* _Problem statement_: Please reproduce the data exactly, excluding any pictures it contains.

* _Available data_:
########################################

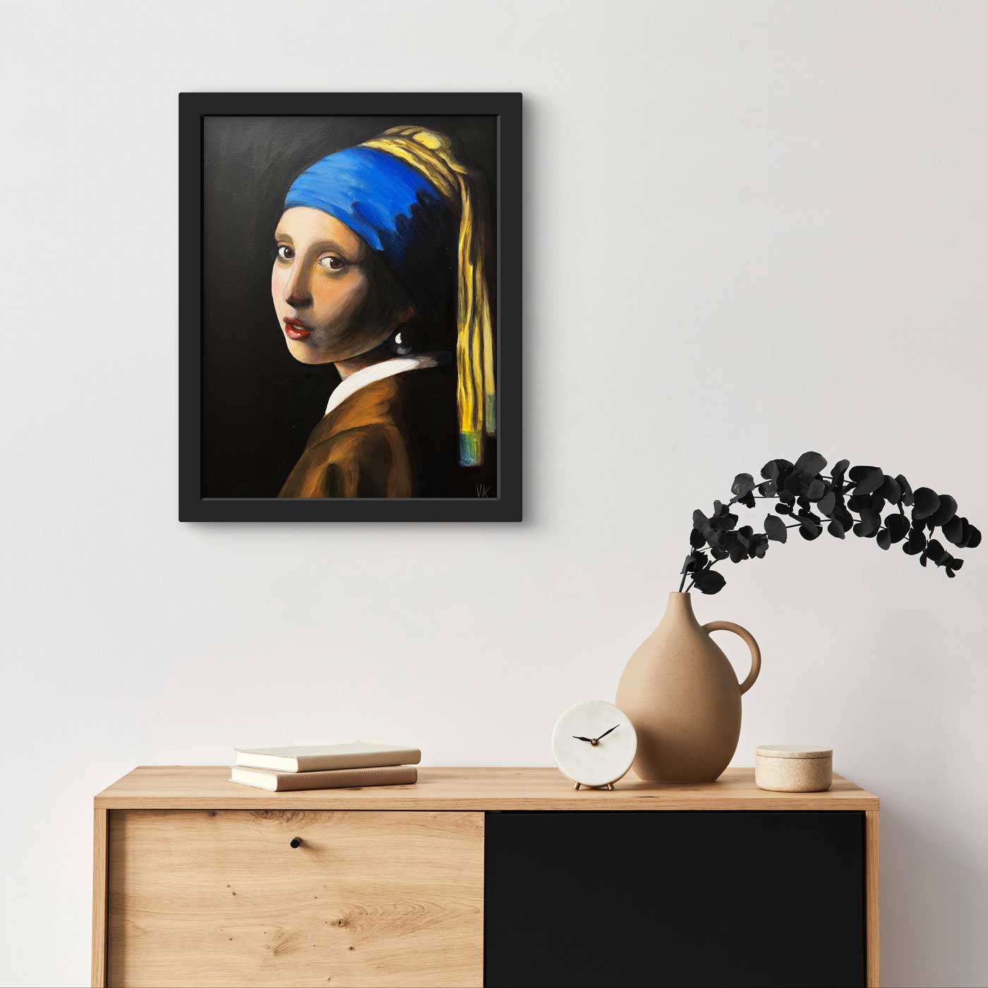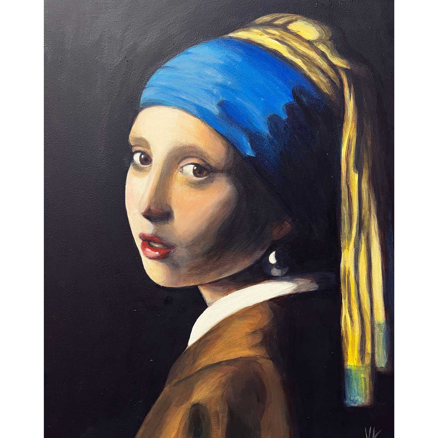 Obraz dívky s perlou zachycuje její jemný a nevinný výraz. Portrét jsem dlouho kreslila a použila na něj pouze akrylové barvy.
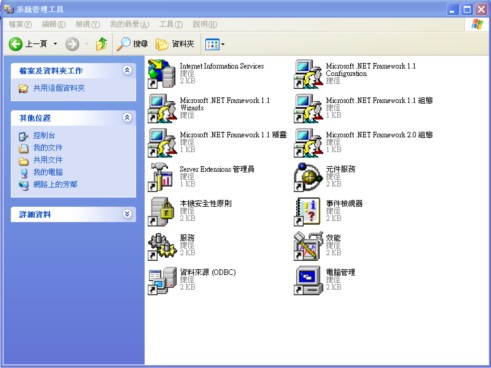 - 進入圖7,選Internet Information Services,即IIS管理。 圖7、系統管理工具
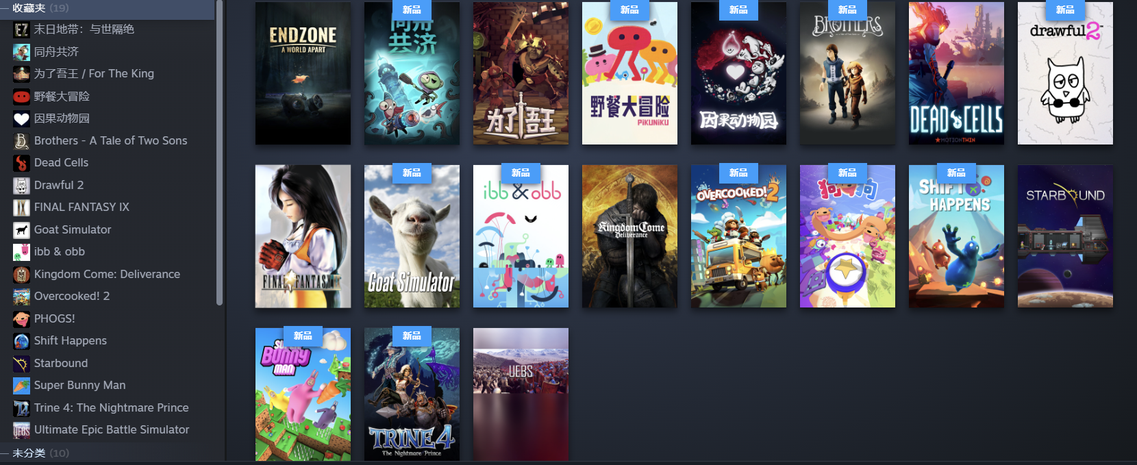 小小梦魇3、人类一败涂地、沙石镇时光、PEAK、大富翁11、模拟山羊1、同舟共济(Ship of Fools)、你画我猜2(Drawful 2)、因果动物园、胡闹厨房2/分手厨房2、狗狗(PHOGS!)、野餐大冒险、艾波与欧波(ibb & obb)、超级兔子人、三位一体4梦魇王子、兄弟双子传说、移形换位(Shift Happens)、只只大冒险/只知大冒险、双人成行、星界边境 starbound、为了吾王 for the king、死亡细胞 dead cells、史诗战争模拟、末日地带与世隔绝 endzone - a world apart、天国:拯救 Kingdom Come: Deliverance、贪婪之秋 Greedfall、最终幻想9 FINAL FANTASY IX

########################################

* _Response area_:
 Obraz dívky s perlou zachycuje její jemný a nevinný výraz. Portrét jsem dlouho kreslila a použila na něj pouze akrylové barvy.
 - 進入圖7,選Internet Information Services,即IIS管理。 圖7、系統管理工具
 小小梦魇3、人类一败涂地、沙石镇时光、PEAK、大富翁11、模拟山羊1、同舟共济(Ship of Fools)、你画我猜2(Drawful 2)、因果动物园、胡闹厨房2/分手厨房2、狗狗(PHOGS!)、野餐大冒险、艾波与欧波(ibb & obb)、超级兔子人、三位一体4梦魇王子、兄弟双子传说、移形换位(Shift Happens)、只只大冒险/只知大冒险、双人成行、星界边境 starbound、为了吾王 for the king、死亡细胞 dead cells、史诗战争模拟、末日地带与世隔绝 endzone - a world apart、天国:拯救 Kingdom Come: Deliverance、贪婪之秋 Greedfall、最终幻想9 FINAL FANTASY IX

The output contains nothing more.